Word for word, the data below must be repeated in full; no picture is to be included.

RAW DATA |
++++++++

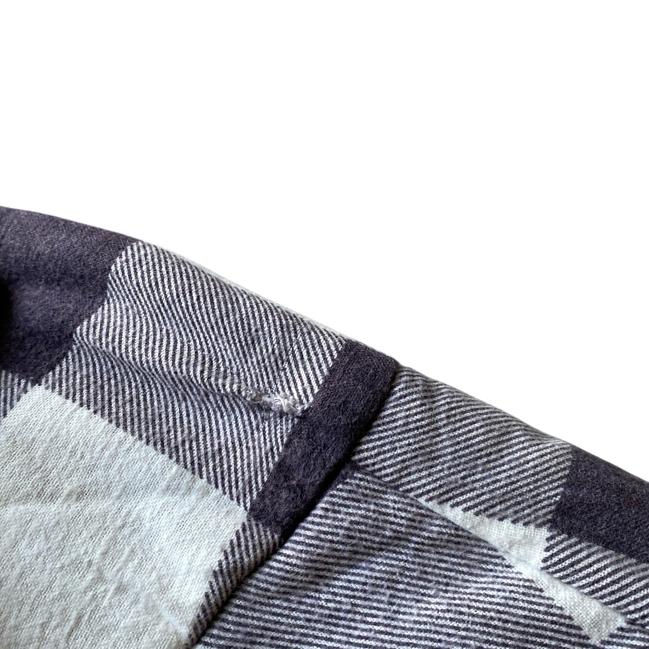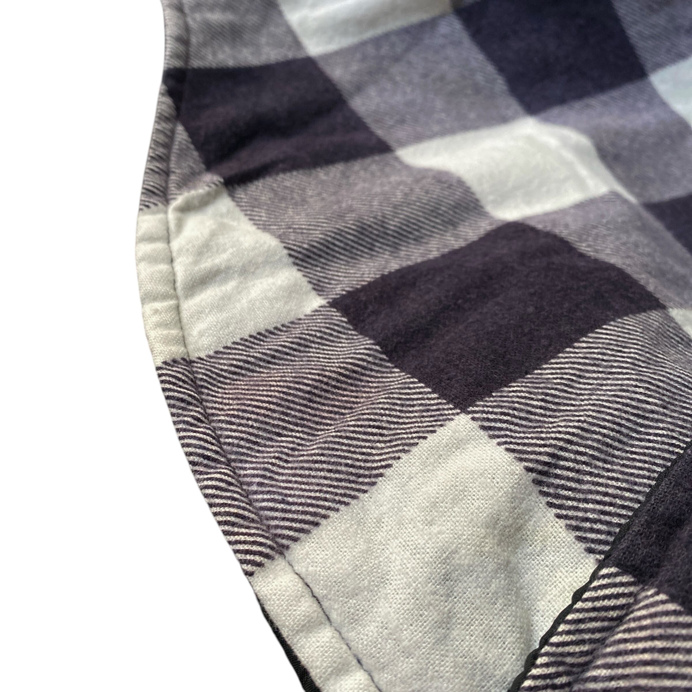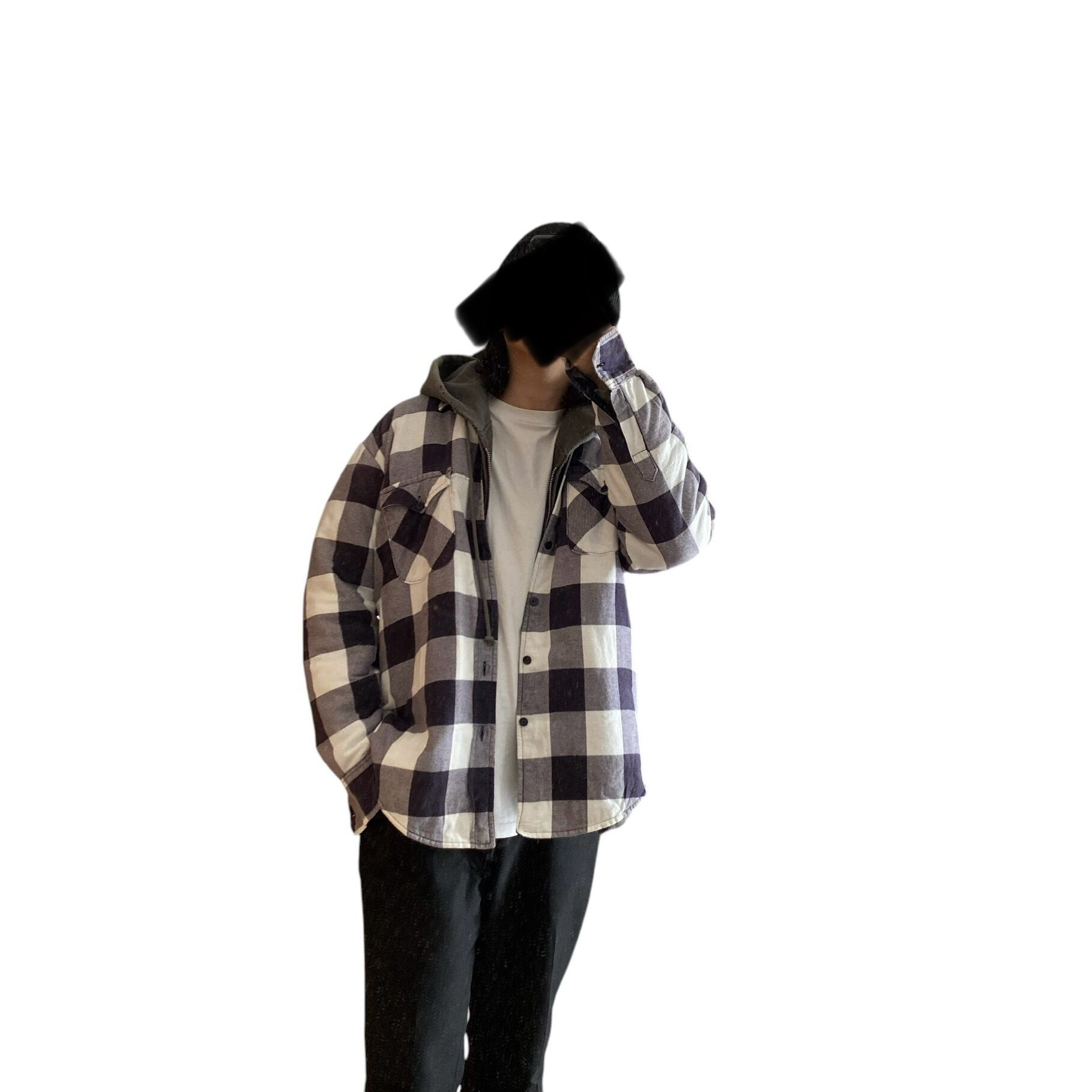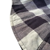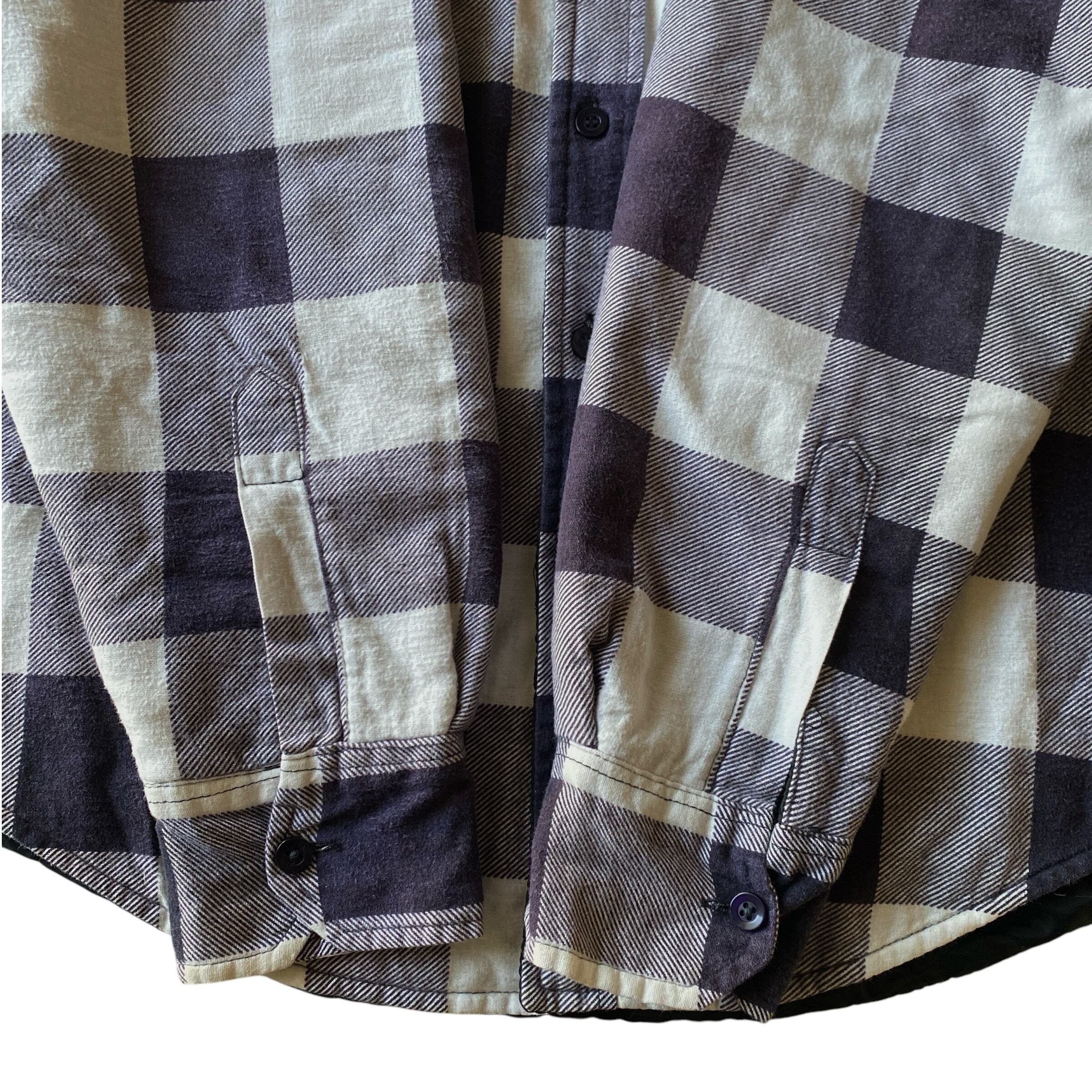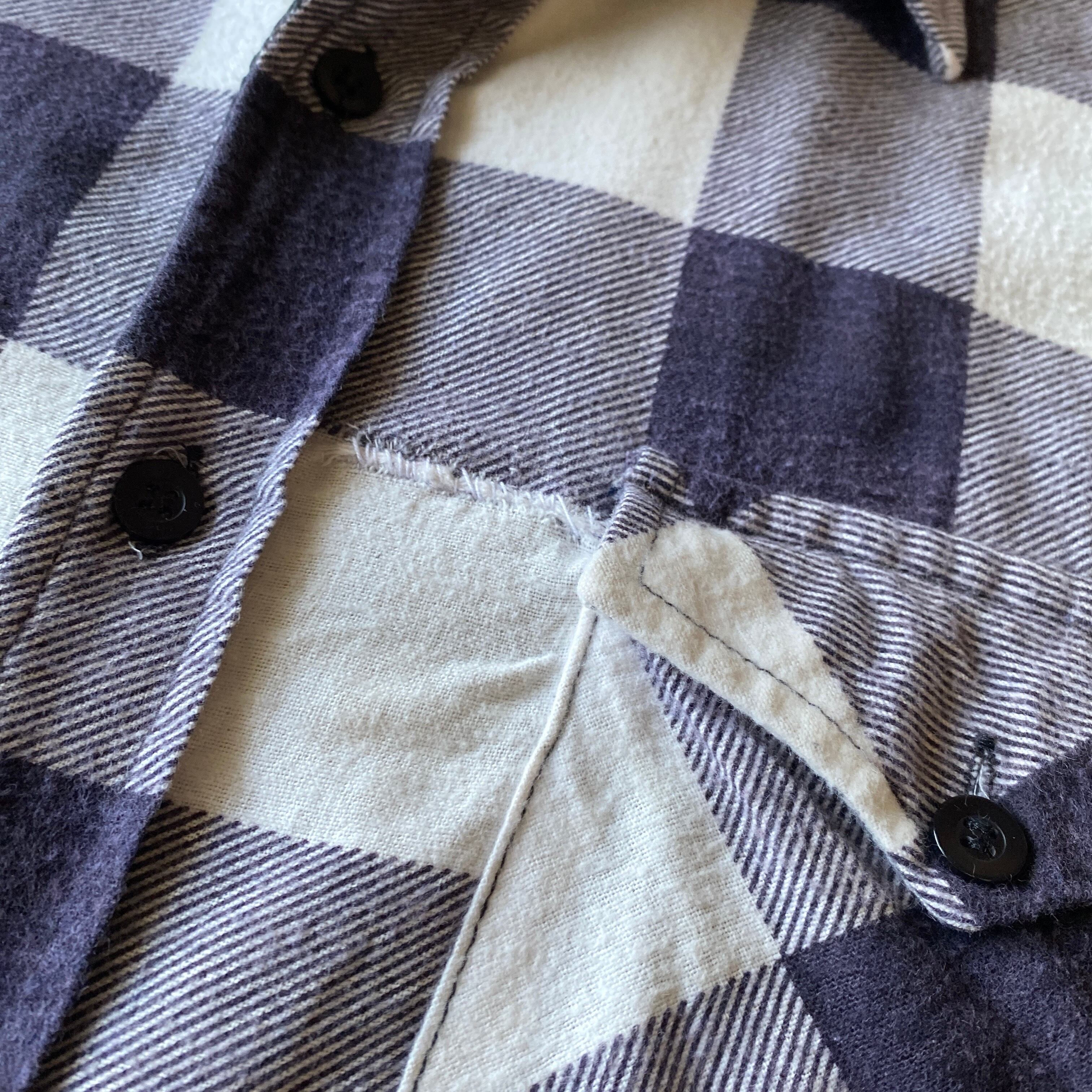 フワッと柔らかい風合いの良いコットンフランネル生地に、ブラックのキルティングライニング、ホワイト×パープルのブロックチェックが非常に格好良い一着。
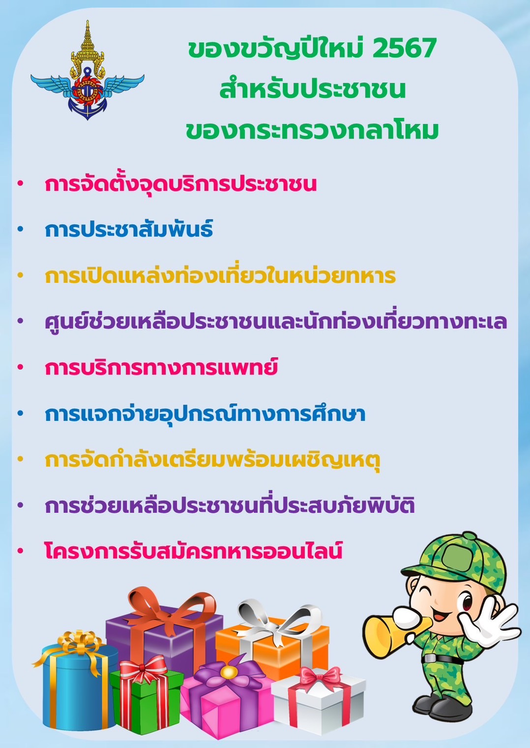 กระทรวงกลาโหมมอบของขวัญปีใหม่ให้ประชาชน ส่งสุขส่งท้ายปี 2566 ต้อนรับปี 2567 ผ่านกิจกรรม ดังนี้
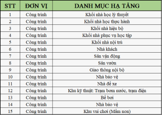 Danh mục hạ tầng thi công:

++++++++

ANSWER TO THIS TASK |
 フワッと柔らかい風合いの良いコットンフランネル生地に、ブラックのキルティングライニング、ホワイト×パープルのブロックチェックが非常に格好良い一着。
 กระทรวงกลาโหมมอบของขวัญปีใหม่ให้ประชาชน ส่งสุขส่งท้ายปี 2566 ต้อนรับปี 2567 ผ่านกิจกรรม ดังนี้
 Danh mục hạ tầng thi công:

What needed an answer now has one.